Supplied information Start Marker

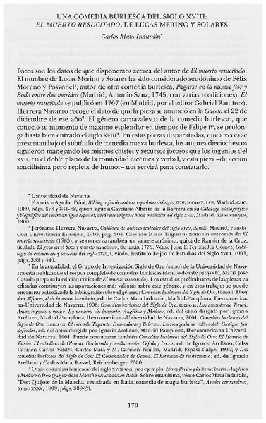 Una comedia burlesca del siglo XVIII, El muerto resucitado, de Lucas Merino y Solares [artículo] Carlos Mata induráin.
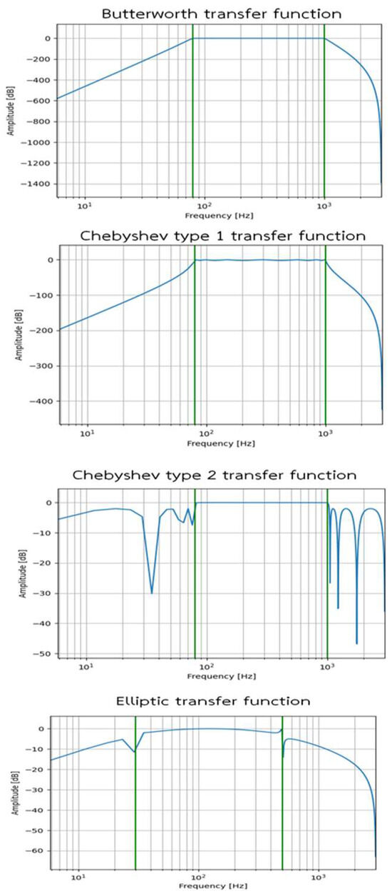 The results of the frequency response of these filters are shown in Figure 6. The frequency response results show that the Butterworth transfer function has a stable frequency response and offers a significant difference in this bandpass. Moreover, other transfer functions showed unstable frequency responses. Therefore, it was concluded that the Butterworth filter was superior to the others, and so it was selected and employed in the system.
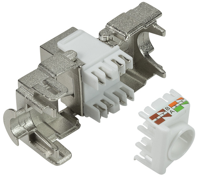 connexion STP 180 degrés, montage sans outils, port RJ45, femelle, classe EA 500 MHz, ISO/IEC 11801: 2010, TIA568-C.2,, convient pour câbles AWG22-26 rigides&multibrins, soutient, GbE, PoE & PoE+, dimensions: (L)17,2 x (P)41,7 x (H)26,4 mm, (NK4016)
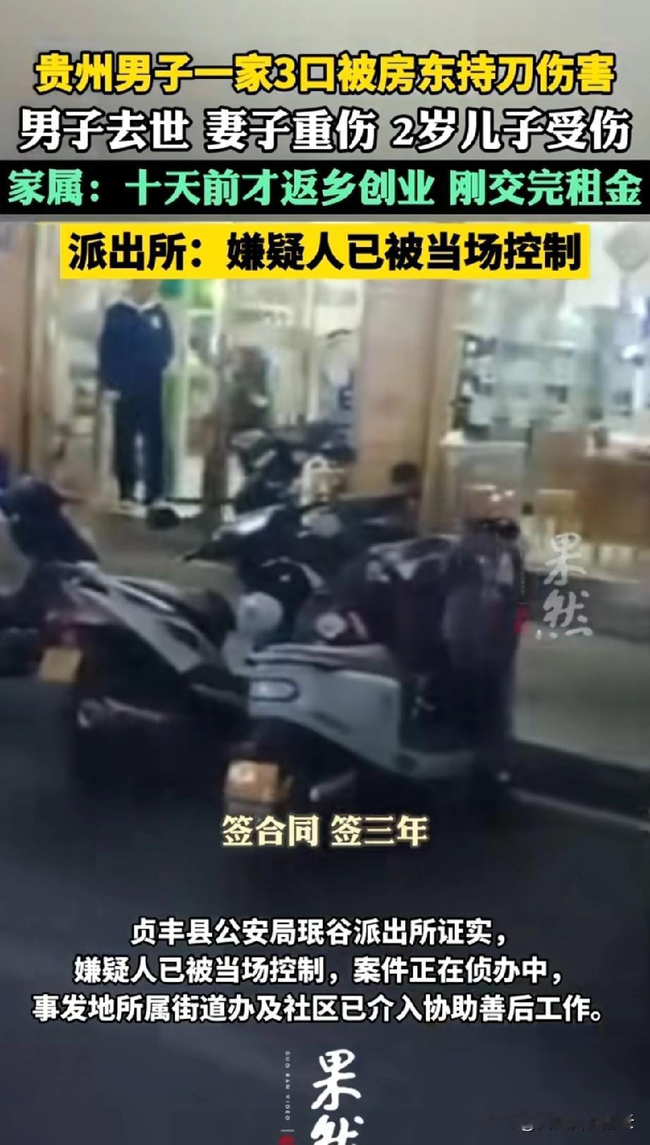 这件事真是太恶劣了。贵州,从浙江义乌回家创业的小两口,带着两岁的儿子。本来都找好了房子,合同也签了,他们租了三年的房子,把钱也一次性给了房东。 不知什么原因,房东突然恼羞成怒,拿刀不仅捅死了男主人,还把他的妻子捅成重伤,两岁的孩子他也没放过,也有受伤。 这个人真是歹毒,连孩子都不放过。说起双方的矛盾,有知情人说是因为房东想加价1000元,房客不同意,两人发生争吵,房东恼羞成怒。 也有当地人说,因为房东嫌房客装修声太大,吵到他了。 不管什么原因,既然签了合同,人家房客也交钱了。这份协议就算生效了,有什么事不能坐下来好好协商解决吗?为什么非要暴力解决?房东你毁灭别人家庭的同时,也毁了自己的人生。 对于这件事,你怎么看呢?

Supplied information End Marker

Task prompt: Everything in the material above must be repeated exactly, apart from its pictures.

Written reply:
 Una comedia burlesca del siglo XVIII, El muerto resucitado, de Lucas Merino y Solares [artículo] Carlos Mata induráin.
 The results of the frequency response of these filters are shown in Figure 6. The frequency response results show that the Butterworth transfer function has a stable frequency response and offers a significant difference in this bandpass. Moreover, other transfer functions showed unstable frequency responses. Therefore, it was concluded that the Butterworth filter was superior to the others, and so it was selected and employed in the system.
 connexion STP 180 degrés, montage sans outils, port RJ45, femelle, classe EA 500 MHz, ISO/IEC 11801: 2010, TIA568-C.2,, convient pour câbles AWG22-26 rigides&multibrins, soutient, GbE, PoE & PoE+, dimensions: (L)17,2 x (P)41,7 x (H)26,4 mm, (NK4016)
 这件事真是太恶劣了。贵州,从浙江义乌回家创业的小两口,带着两岁的儿子。本来都找好了房子,合同也签了,他们租了三年的房子,把钱也一次性给了房东。 不知什么原因,房东突然恼羞成怒,拿刀不仅捅死了男主人,还把他的妻子捅成重伤,两岁的孩子他也没放过,也有受伤。 这个人真是歹毒,连孩子都不放过。说起双方的矛盾,有知情人说是因为房东想加价1000元,房客不同意,两人发生争吵,房东恼羞成怒。 也有当地人说,因为房东嫌房客装修声太大,吵到他了。 不管什么原因,既然签了合同,人家房客也交钱了。这份协议就算生效了,有什么事不能坐下来好好协商解决吗?为什么非要暴力解决?房东你毁灭别人家庭的同时,也毁了自己的人生。 对于这件事,你怎么看呢?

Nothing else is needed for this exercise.